I recently discovered the exciting sport of Parkour and thought I would give my readers a short introduction to it. You will see its influence on some of my designs in the near future.
Parkour is a term derived from a French term describing running combined with traversing military style obstacle course training. Parkour practitioners use nothing but themselves and their environment to propel themselves through their environment, often in displays of gymnastic and acrobatic ability. While the origination of Parkour seems to be mostly based on French methods of physical training popularized in the 90′s, it has existed in various forms since men have been running. I can remember the TV show “It Takes a Thief” and “Mission Impossible” as a kid using various Parkour like techniques to entertain the viewers.
None the less watching a proficient Parkour practitioner is most exhilarating and entertaining as obvious by the prolific number of “Parkour Videos” on YouTube.
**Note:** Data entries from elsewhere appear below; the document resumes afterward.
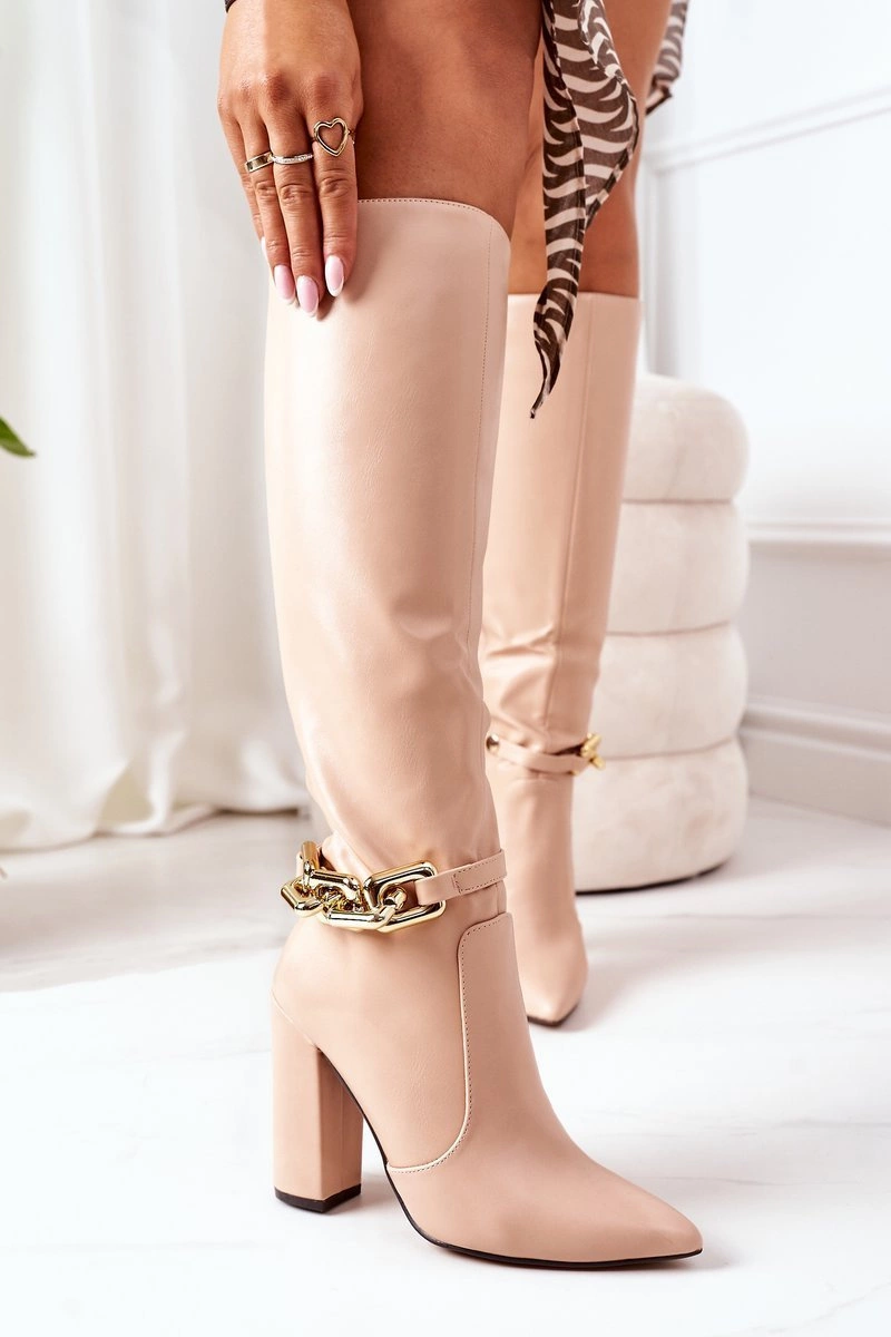 Ocieplane Kozaki Na Słupku Z Łańcuchem Nude Franti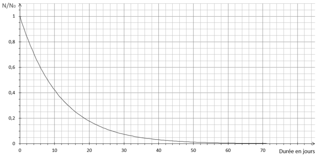 Graphiquement, au bout de 70 jours, tout l’iode 131 s’est désintégré.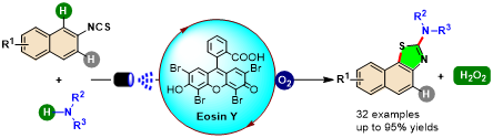 传统的构建2-氨基苯并噻唑及其衍生物的方法主要有过渡金属催化邻卤代异硫氰酸芳基酯和胺的缩合环化;过渡金属催化基于C-H键活化策略的芳基硫脲分子内环化反应;2-氨基苯硫酚与异硫氰酸酯的缩合等。2017年,武汉大学的雷爱文教授课题组报道了一种基于电催化氧化脱氢气高效构建2-氨基苯并噻唑的方法;同年,河南师范大学的范学森教授和张新迎教授课题组报道了氧气条件下,碘催化异硫氰酸芳基酯和胺反应构建2-氨基苯并噻唑衍生物的新途径。虽然这些方法,对2-氨基苯并噻唑类化合物的构建起到了重要作用,但是这些反应往往用到过渡金属催化剂、较高的反应温度、原料不易制备、底物范围较窄等缺点。2-氨基萘并[2,1-d]噻唑类化合物是2-氨基苯并噻唑类核心骨架的重要衍生物。然而,文献调研表明构建2-氨基萘并[2,1-d]噻唑类化合物的方法极其有限。因此,发展新颖、高效、高选择性构建2-氨基萘并[2,1-d]噻唑类化合物的方法具有重要意义。可见光是一种绿色的能源,通常被认为是一种理想的有机转化反应促进剂。近年来,光氧化还原催化各种化学键的活化和功能化已成为有机化学中重要的合成策略。毫无疑问,可见光诱导C-H/S-H键的交叉脱氢偶联是构建C-S键最直接高效的途径。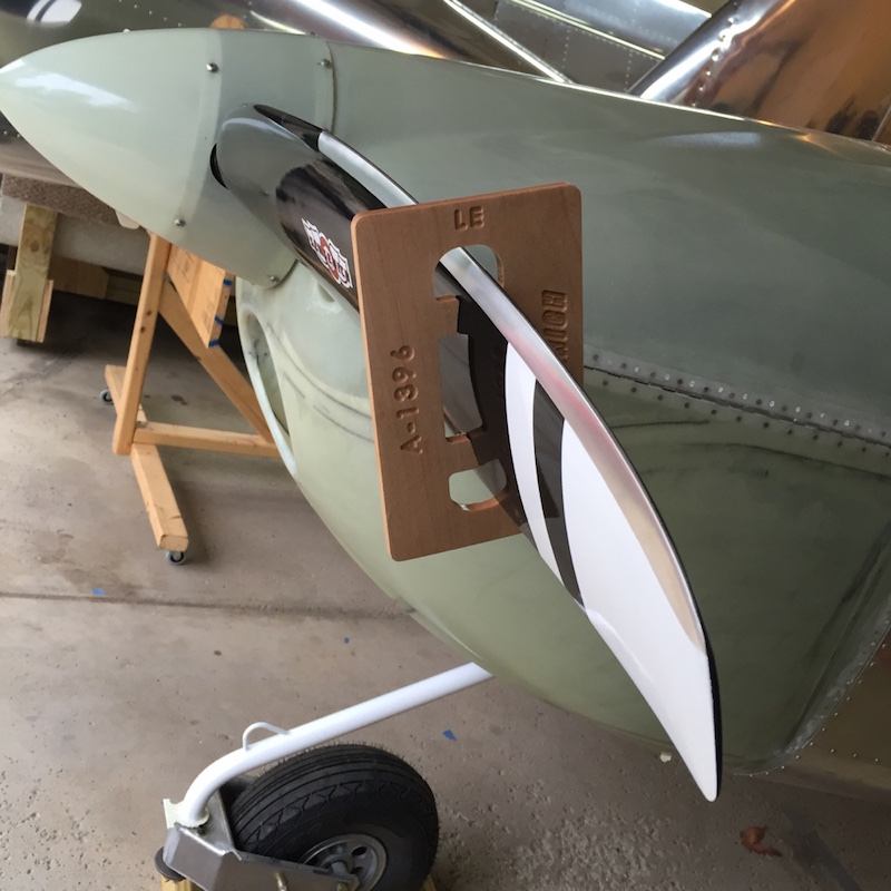 I found an interesting wooden tool with my prop that appears to be custom made by them for the setting of prop pitch using a digital level. Did these get added to the kits recently? (Mine arrived last December.) I zeroed a digital level relative to the canopy rail (thanks, Scott!) and then measured the angle of the top of the wooden tool. Thanks to the previous poster who also mentioned that you have to measure the ascending prop blade, and don't assume that the ascending blade angle is the negative of the descending angle.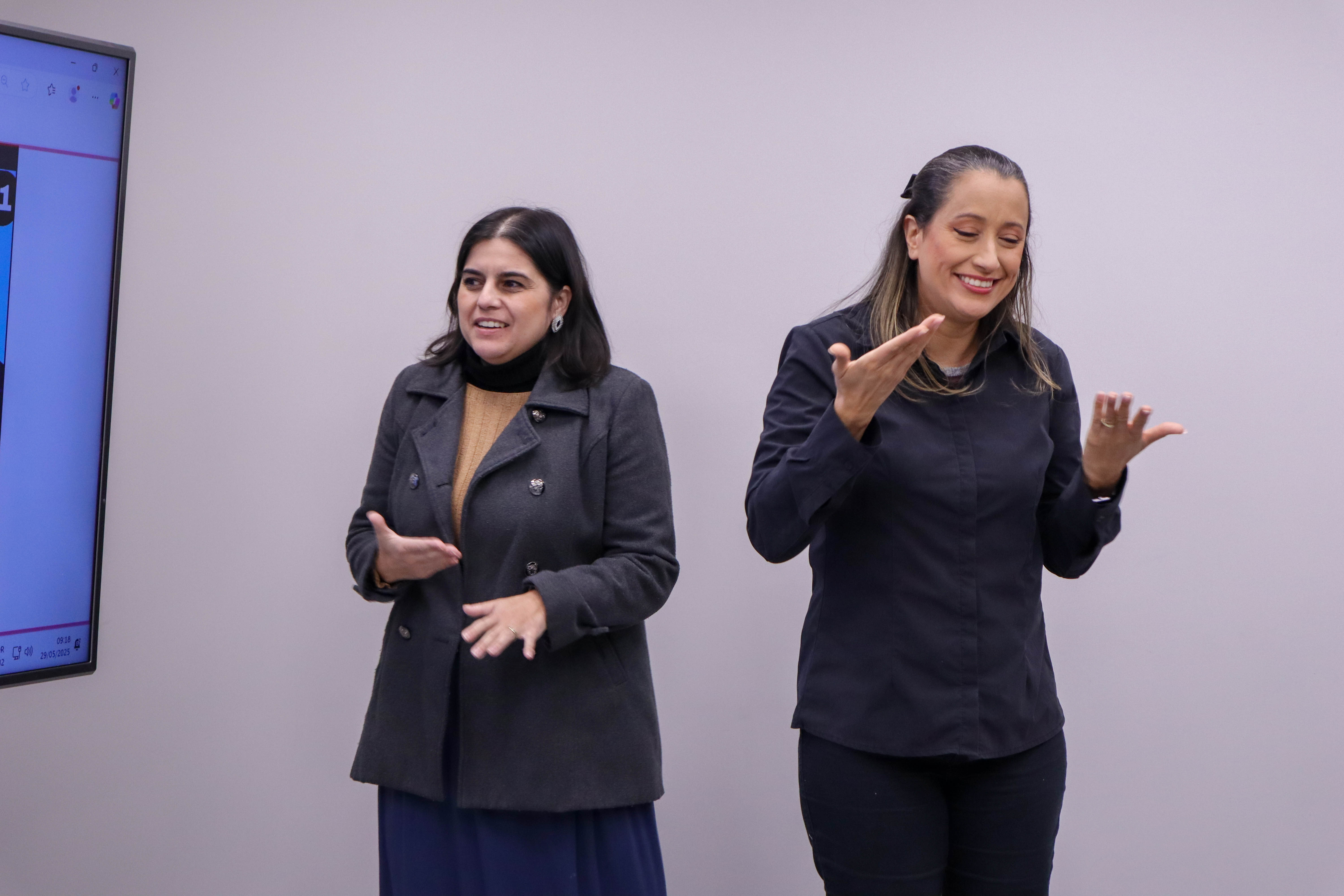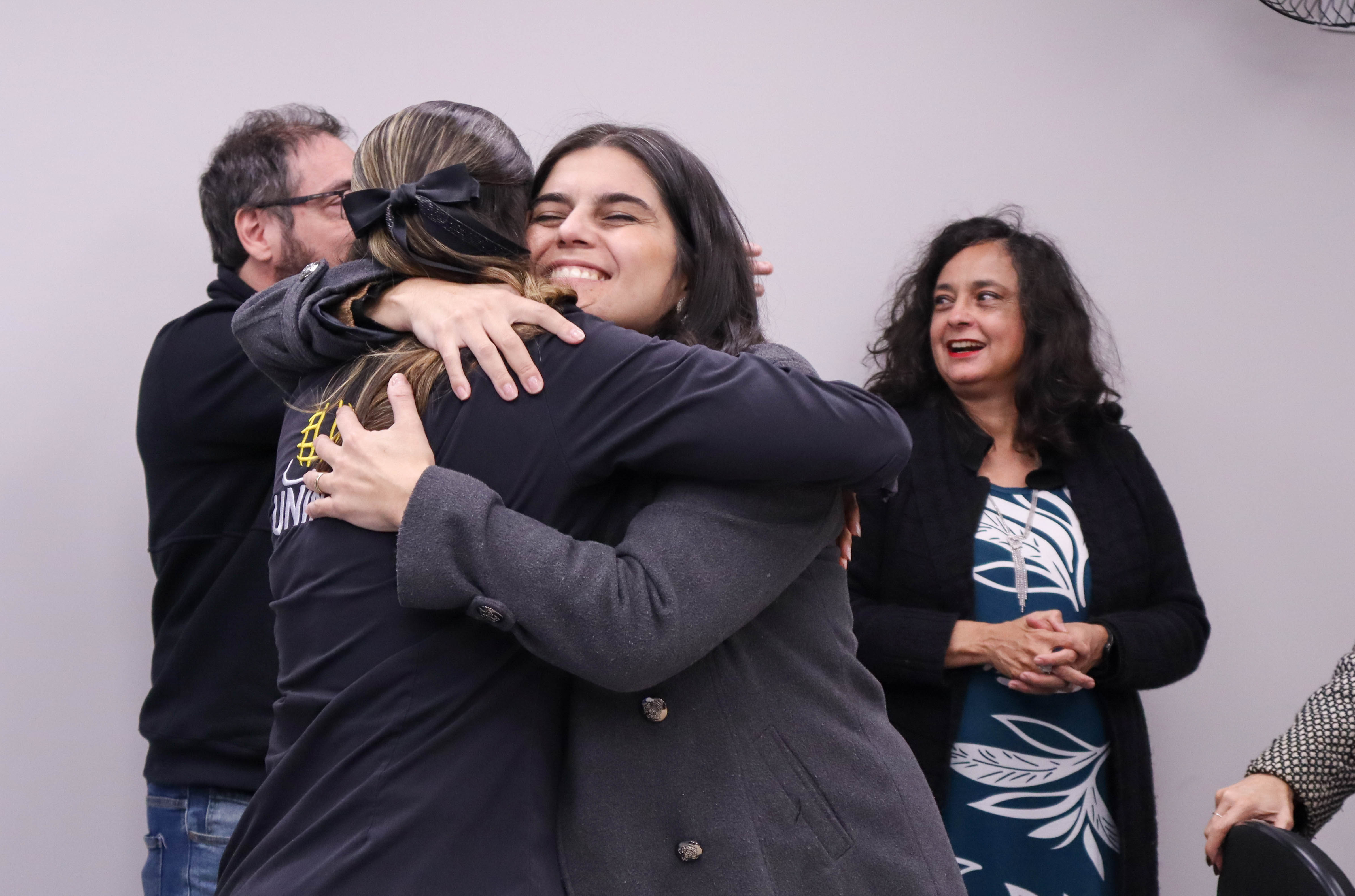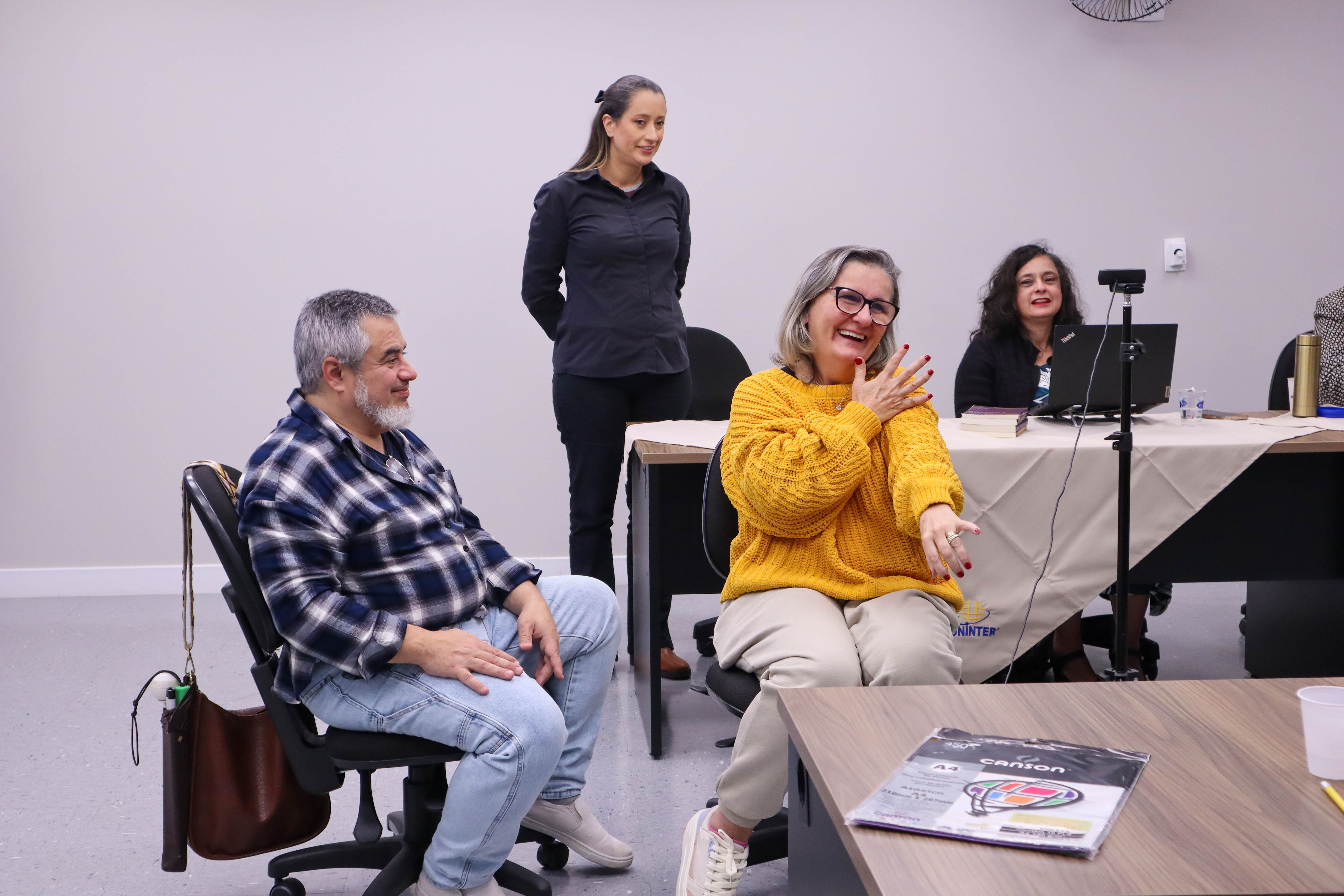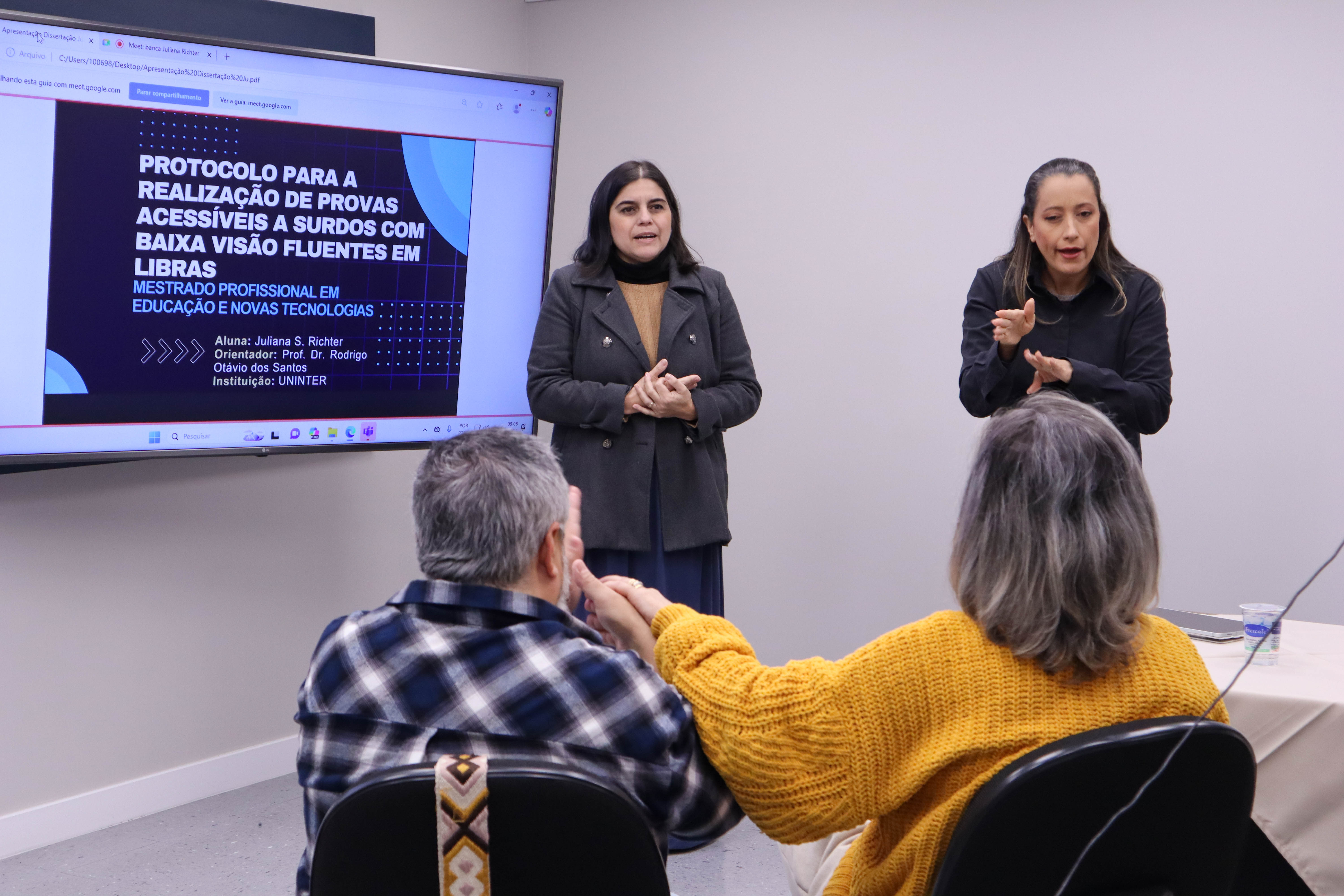 Amigos e familiares de Juliana puderam acompanhar a defesa de forma presencial e remota, com a colaboração das intérpretes de LIBRAS dos Estúdios Uninter, Daniela Truccolo e Luana Ruth de Souza.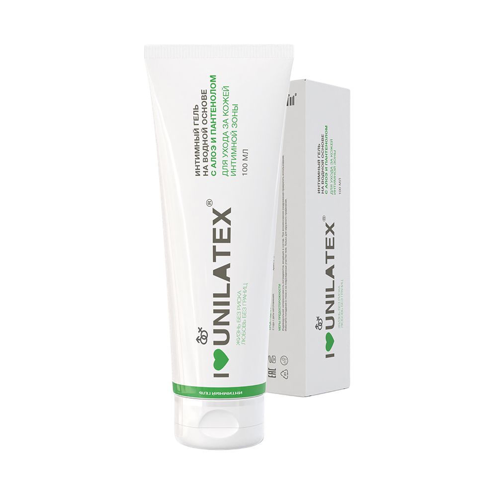 Интимный гель на водной основе Unilatex Gel Aloe Vera + Vitamin E. Содержит натуральный сок алоэ. Не имеет запаха. Совместим со всеми видами латексных изделий. Гипоаллергенный, растворим в воде, не оставляет пятен, не содержит токсичных компонентов, без пузырьков воздуха. Комплекс Алоэ Вера+Витамин Е оказывает смягчающее и восстанавливающее действие на кожу.

If you search the term you will turn up over 5 million videos, just 1 of which had over 41 million viewers! Many of the best videos I’ve able to find seem to come from Eastern Europe, Ukraine and Russia being two of the most prolific suppliers of young talented Parkour performers. In a sport with no formal grading system the skill of the Parkour performer is often very subjective, many times the only real determination of the “winner” is the number of people viewing or commenting on the videos of the Parkour performers themselves. So with many of the best Parkour performers looking for affirmation of their skill they post videos to YouTube. With so many postings each performer is looking to set himself apart from others and show his ability to “out perform” other Parkour practitioners. This has led to an escalation of sorts in the number of truly spectacular and potentially dangerous, even life threatening stunts being performed for the throngs of adoring viewers.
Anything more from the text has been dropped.